** Aim of the exercise **
Exactly the lines below from the line with "MARTIN KRPAN: A. Verovšek." through the line with "Leeuwenstraat 21-27. Op" must make up the answer, both ends included and pictures left out.

** Record extracts **
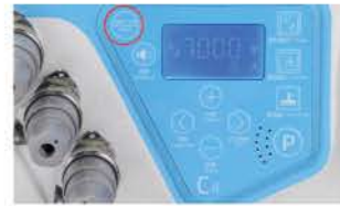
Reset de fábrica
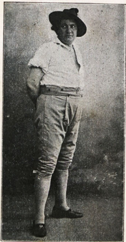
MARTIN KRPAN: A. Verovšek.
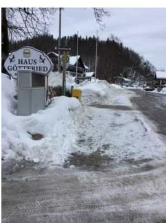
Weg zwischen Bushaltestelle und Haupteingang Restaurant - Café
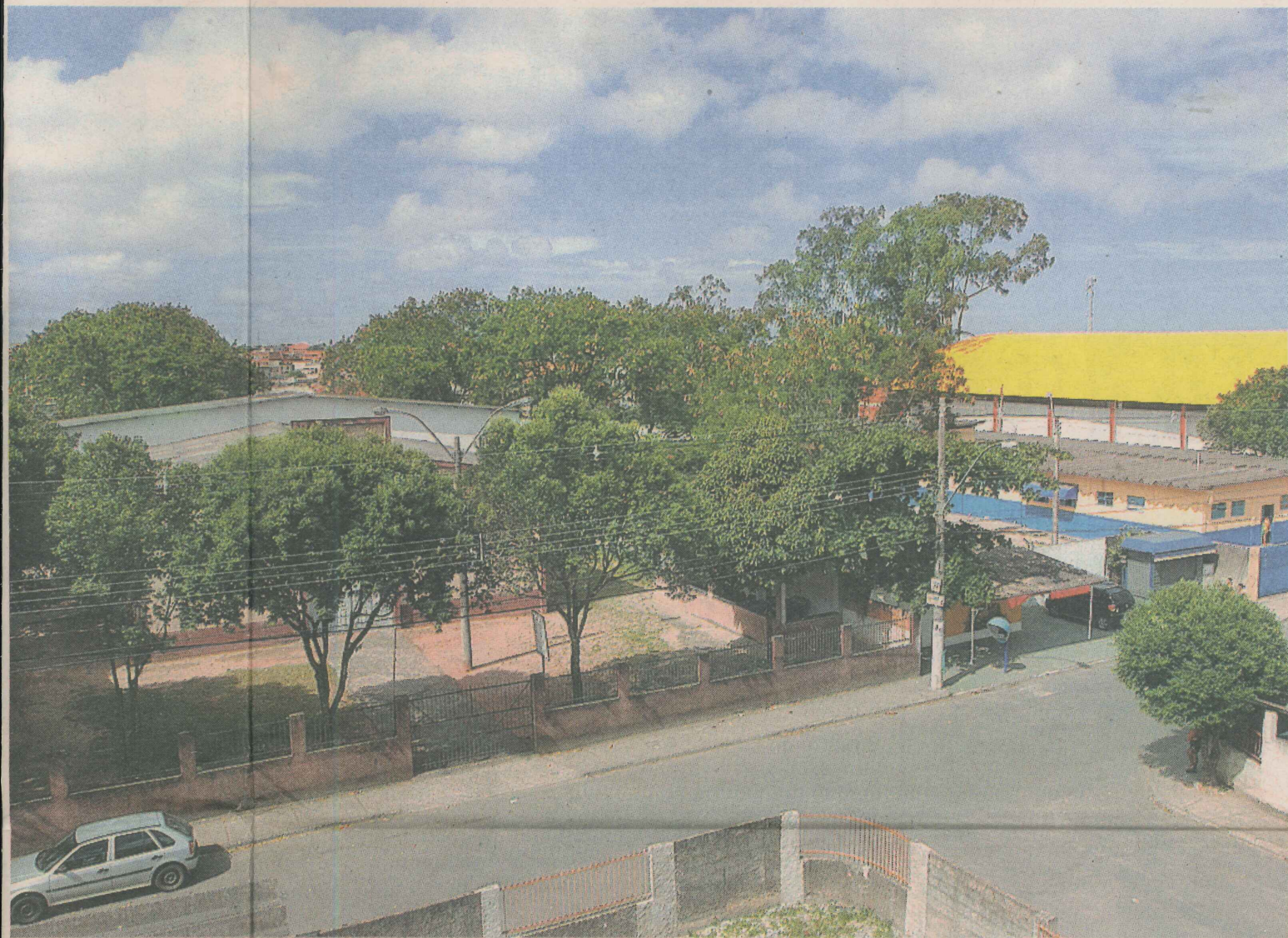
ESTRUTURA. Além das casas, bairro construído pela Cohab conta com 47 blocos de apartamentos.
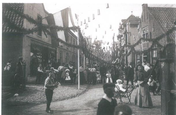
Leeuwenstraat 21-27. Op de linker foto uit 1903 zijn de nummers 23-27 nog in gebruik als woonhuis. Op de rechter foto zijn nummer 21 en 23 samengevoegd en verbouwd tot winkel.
==
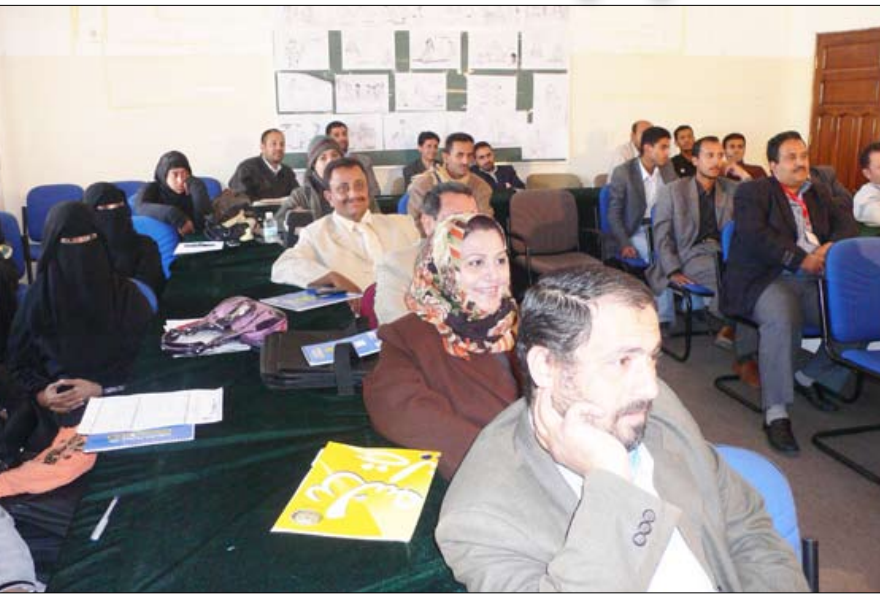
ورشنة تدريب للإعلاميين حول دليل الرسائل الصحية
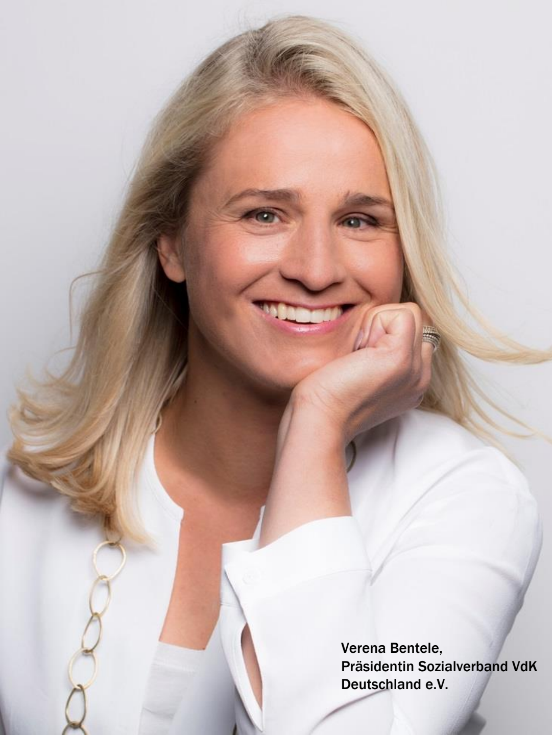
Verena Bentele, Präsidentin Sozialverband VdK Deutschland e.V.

** Solution for this problem **
MARTIN KRPAN: A. Verovšek.
Weg zwischen Bushaltestelle und Haupteingang Restaurant - Café
ESTRUTURA. Além das casas, bairro construído pela Cohab conta com 47 blocos de apartamentos.
Leeuwenstraat 21-27. Op de linker foto uit 1903 zijn de nummers 23-27 nog in gebruik als woonhuis. Op de rechter foto zijn nummer 21 en 23 samengevoegd en verbouwd tot winkel.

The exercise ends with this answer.